Storing Apache Solr 5.x Data in HDFS

Introduction

Apache Solr is a leading enterprise search engine based on Apache Lucene. Apache Solr stores the data it indexes in the local filesystem by default. HDFS (Hadoop Distributed File System) provides several benefits, such as a large scale and distributed storage with redundancy and failover capabilities. Apache Solr supports storing data in HDFS. In this article we shall configure Apache Solr to store data in HDFS instead of the local filesystem. This tutorial has the following sections:

Setting the Environment
Deleting an Apache Solr Core
Creating a Solr Collection
Configuring Apache Solr
Configuring Apache Hadoop
Starting HDFS
Starting Apache Solr
Logging in to Apache Solr Admin Console
Indexing Documents
Querying Documents
Listing HDFS Directories

Setting the Environment

The following software is required for this article:

– Apache Hadoop 2.x

– Apache Solr 5.x

– Java

Apache Solr 5.x is used in this tutorial; configuration for Apache Solr 4.x and 6.x could be slightly different. If not already created, create a directory /solr to install the software and set its permissions toglobal (777).

mkdir /solr
chmod -R 777 /solr
cd /solr

Download the Apache Solr 5.x solr-5.3.1.tgz file and extract the tgz file to the /solr directory.

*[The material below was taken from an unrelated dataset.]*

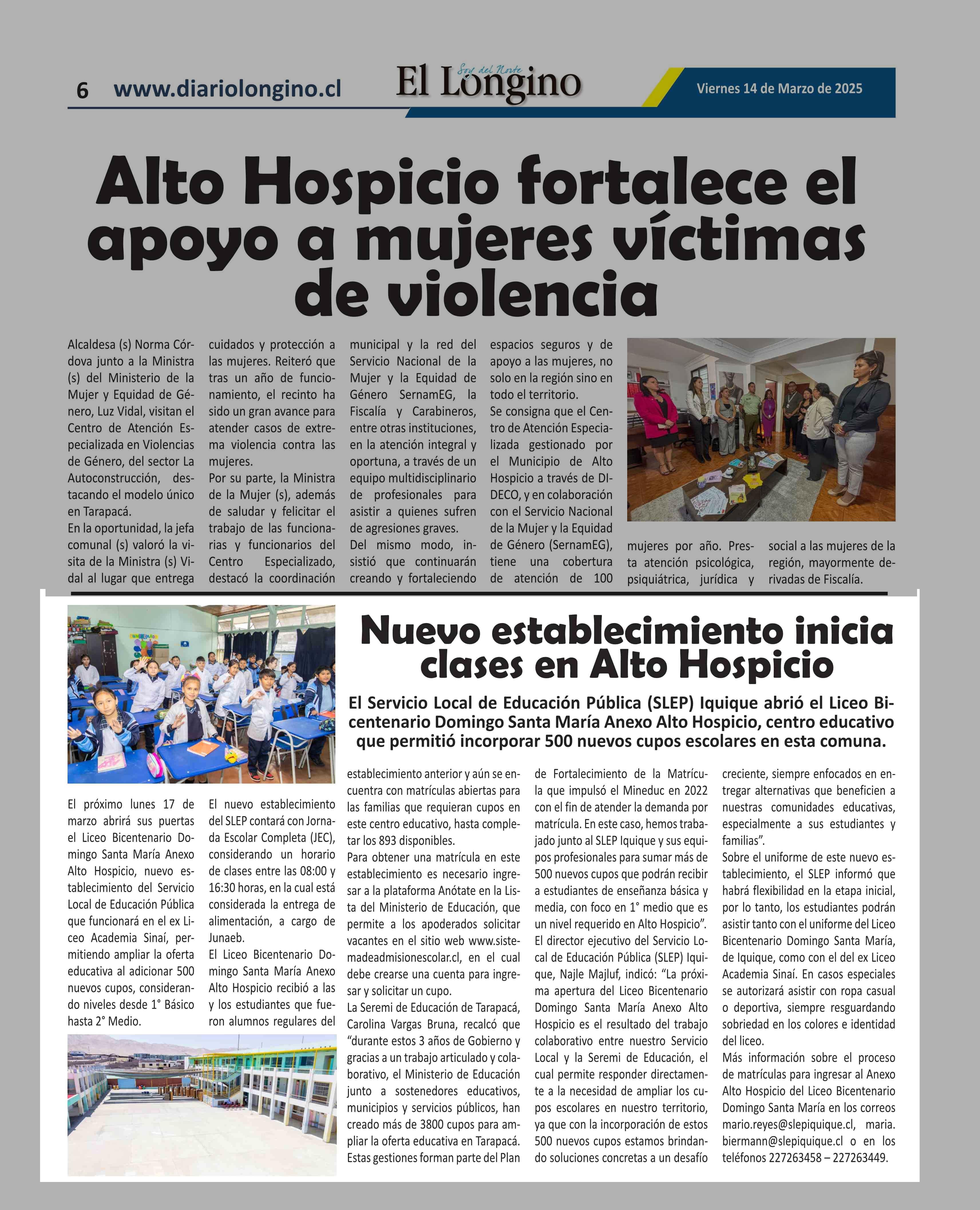 Nuevo establecimiento inicia clases en Alto Hospicio 14-03-2025 El Longino |
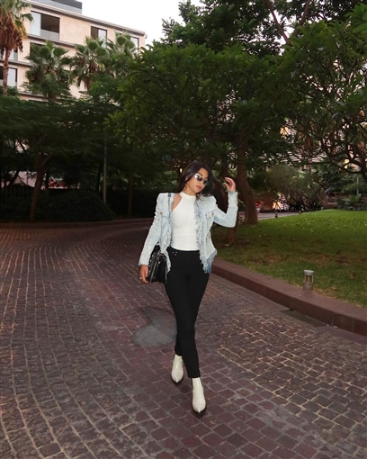 ظهرت الفنناة هيفاء وهبي بإطلالة كاجوال، نسقت فيها جاكيت جينز معTop أبيض وبنطلون أسود وحذاء أبيض وحقيبة سوداء.

wget http://apache.mirror.vexxhost.com/lucene/solr/5.3.1/solr-5.3.1.tgz
tar -xvf solr-5.3.1.tgz

Download Java 7 from http://www.oracle.com/technetwork/java/javase/downloads/jdk7-downloads-1880260.html and extract the gz file to the /solr directory.

tar zxvf jdk-7u55-linux-i586.gz

To use HDFS for storage, Hadoop 2.x is required. Download Hadoop 2.5.0 CDH 5.2 and extract the tar.gz file to the /solr directory.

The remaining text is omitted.